WHAT THE EXERCISE ASKS: Leave out the images and set down the records below exactly.

--------

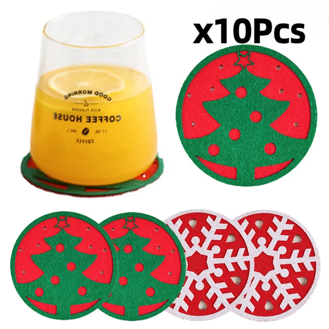 クリスマスパーティーにぴったりな、環境に優しいフェルト素材のコースター10枚セットです。
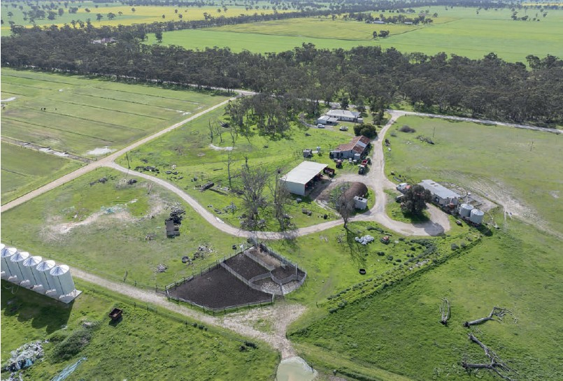 At 401.8 hectares, the homestead property, ‘Woodlee’, is the largest lot featuring 401.8 hectares of land, with flood and pivot irrigation supplied by 182 megalitres of water, plus two residences, a dairy (milking ceased March), modern silos, yards and sheds.
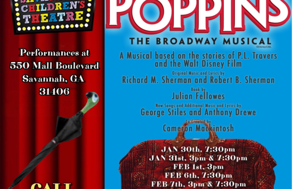 Let's go fly a kite! Savannah Children's Theatre presents Disney's Mary Poppins at the new castle theatre on Mall Boulevard. Filled with unforgettable music, high-energy dances & heartwarming laughter, this is sure to be a jolly holiday for the whole family! Best enjoyed by ages 7+
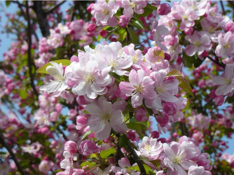 ? ? ? ?西府海棠在海棠花類中樹態峭立,似亭亭少女。花紅,葉綠,果美,不論孤植、列植、叢植均極美觀。最宜植于水濱及小庭一隅。郭稹海棠詩中“朱欄明媚照黃塘,芳樹交加枕短墻。”就是最生動形象的寫照。新式庭園中,以濃綠針葉樹為背景,植海棠于前列,則其色彩尤覺奪目,若列植為花籬,鮮花怒放,蔚為壯觀。
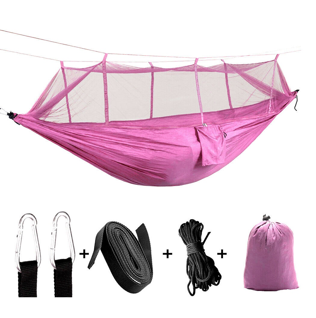 Függőágy szúnyoghálóval: Kiváló minőségű, légáteresztő poliészter hálóból készült szúnyoghálós függőágy, amely megvéd a bosszantó rovaroktól.
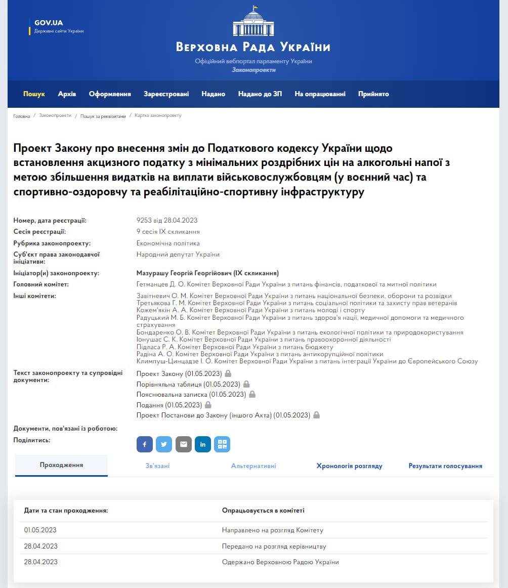 У Верховній Раді зареєстрували три законопроекти (№9251, 9252, 9253) про підвищення на 10% акцизів на алкоголь. Виручені кошти планується спрямувати на виплати військовим.
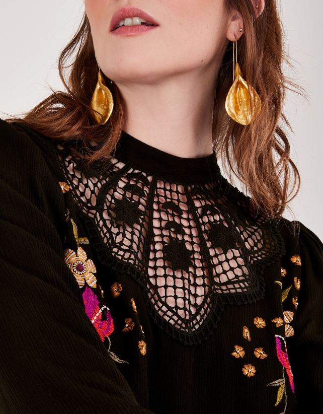 قطع علوية مطرزة بالزهور ملابس أسود Monsoon نحيف N4BV8X514 - Monsoon online customer service
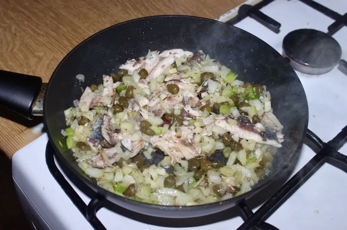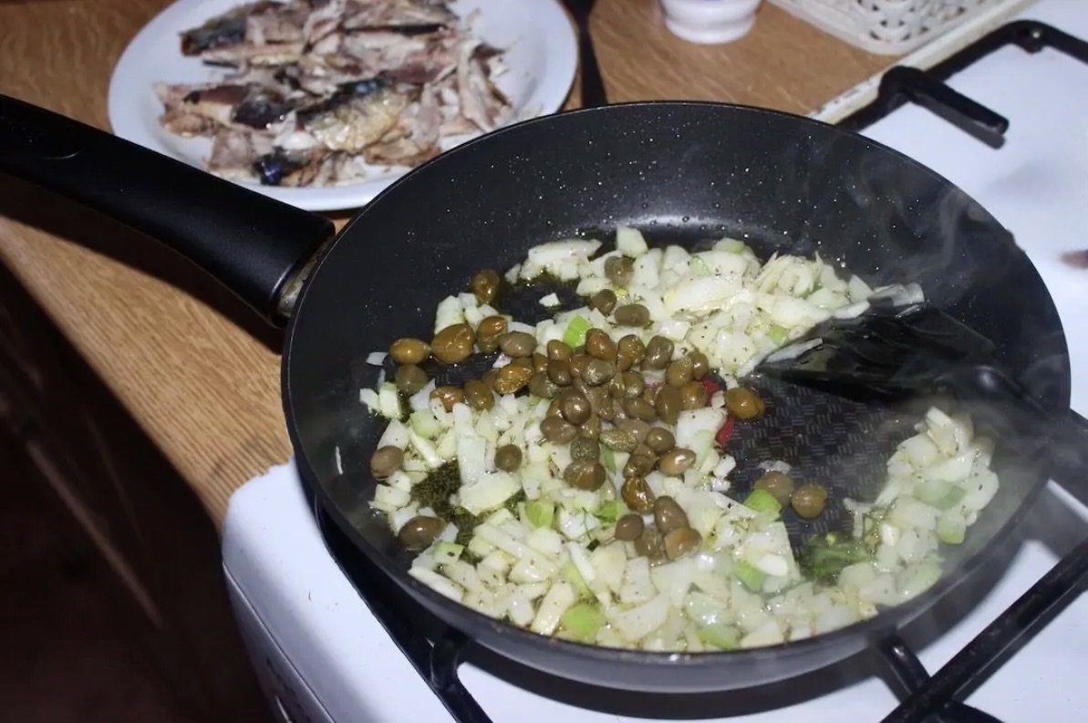 Wyłącz gaz, dodaj przygotowane wcześniej kawałki sardynek i posyp pieprzem. Delikatnie wymieszaj, aby ryba tylko się ogrzała, ale nie rozpadła.

--------

EXPECTED ANSWER:
 クリスマスパーティーにぴったりな、環境に優しいフェルト素材のコースター10枚セットです。
 At 401.8 hectares, the homestead property, ‘Woodlee’, is the largest lot featuring 401.8 hectares of land, with flood and pivot irrigation supplied by 182 megalitres of water, plus two residences, a dairy (milking ceased March), modern silos, yards and sheds.
 Let's go fly a kite! Savannah Children's Theatre presents Disney's Mary Poppins at the new castle theatre on Mall Boulevard. Filled with unforgettable music, high-energy dances & heartwarming laughter, this is sure to be a jolly holiday for the whole family! Best enjoyed by ages 7+
 ? ? ? ?西府海棠在海棠花類中樹態峭立,似亭亭少女。花紅,葉綠,果美,不論孤植、列植、叢植均極美觀。最宜植于水濱及小庭一隅。郭稹海棠詩中“朱欄明媚照黃塘,芳樹交加枕短墻。”就是最生動形象的寫照。新式庭園中,以濃綠針葉樹為背景,植海棠于前列,則其色彩尤覺奪目,若列植為花籬,鮮花怒放,蔚為壯觀。
 Függőágy szúnyoghálóval: Kiváló minőségű, légáteresztő poliészter hálóból készült szúnyoghálós függőágy, amely megvéd a bosszantó rovaroktól.
 У Верховній Раді зареєстрували три законопроекти (№9251, 9252, 9253) про підвищення на 10% акцизів на алкоголь. Виручені кошти планується спрямувати на виплати військовим.
 قطع علوية مطرزة بالزهور ملابس أسود Monsoon نحيف N4BV8X514 - Monsoon online customer service
 Wyłącz gaz, dodaj przygotowane wcześniej kawałki sardynek i posyp pieprzem. Delikatnie wymieszaj, aby ryba tylko się ogrzała, ale nie rozpadła.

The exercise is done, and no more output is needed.